A perhaps more convenient way to see our data is to plot it. We can use plot to produce a simply scatterplot. And we can use our out matrix to highlight the treatment group means:
plot(y ~ tr, col = rgb(1, 0, 0, 0.5), pch = 16)
# highlight the means:
points(1:4, out[, 1], col = "blue", bg = "blue", pch = 23, cex = 2)
This nice because it shows the distribution of the data, but we can also use a boxplot summary to precisely see the locations of points on the distribution. Specifically, a boxplot will draw the five-number summary for each treatment group:
tapply(y, tr, fivenum)
## $`1`
## [1] 3.842 4.562 5.093 5.319 7.310
##
## $`2`
## [1] -0.5439 2.9554 3.9527 6.1308 7.7949
##
## $`3`
## [1] -6.3720 0.4349 3.7029 7.1900 16.9098
##
## $`4`
## [1] -1.9160 -0.5528 0.3361 1.8270 5.8914
boxplot(y ~ tr)
Another approach is to use our out object, containing treatment group means and standard deviations to draw a dotchart. We'll first divide our standard deviations by sqrt(30) to convert them to standard errors of the mean.

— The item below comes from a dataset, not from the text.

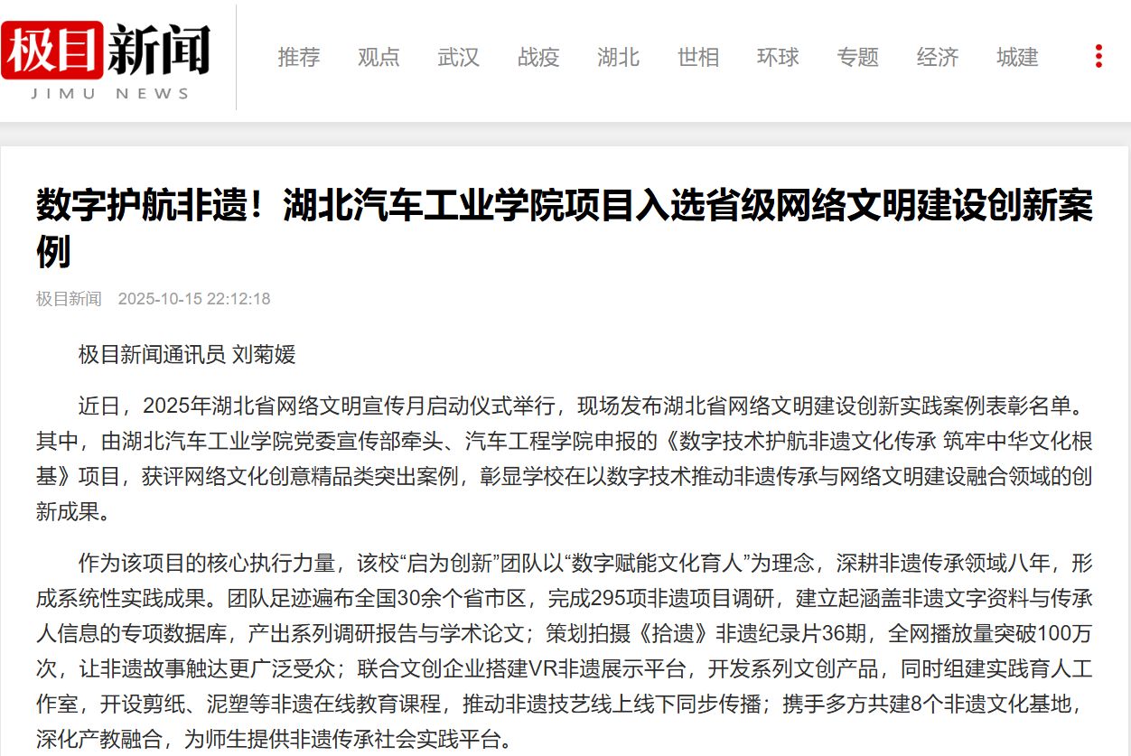 【极目新闻】数字护航非遗!湖北汽车工业正规博彩平台 项目入选省级网络文明建设创新案例

out[, 2] <- out[, 2]/sqrt(30)
dotchart(out[, 1], xlim = c(0, 6), xlab = "y", main = "Treatment group means",
pch = 23, bg = "black")
segments(out[, 1] - out[, 2], 1:4, out[, 1] + out[, 2], 1:4, lwd = 2)
segments(out[, 1] - 2 * out[, 2], 1:4, out[, 1] + 2 * out[, 2], 1:4, lwd = 1)
This plot nicely shows the means and both 1- and 2-standard errors of the mean.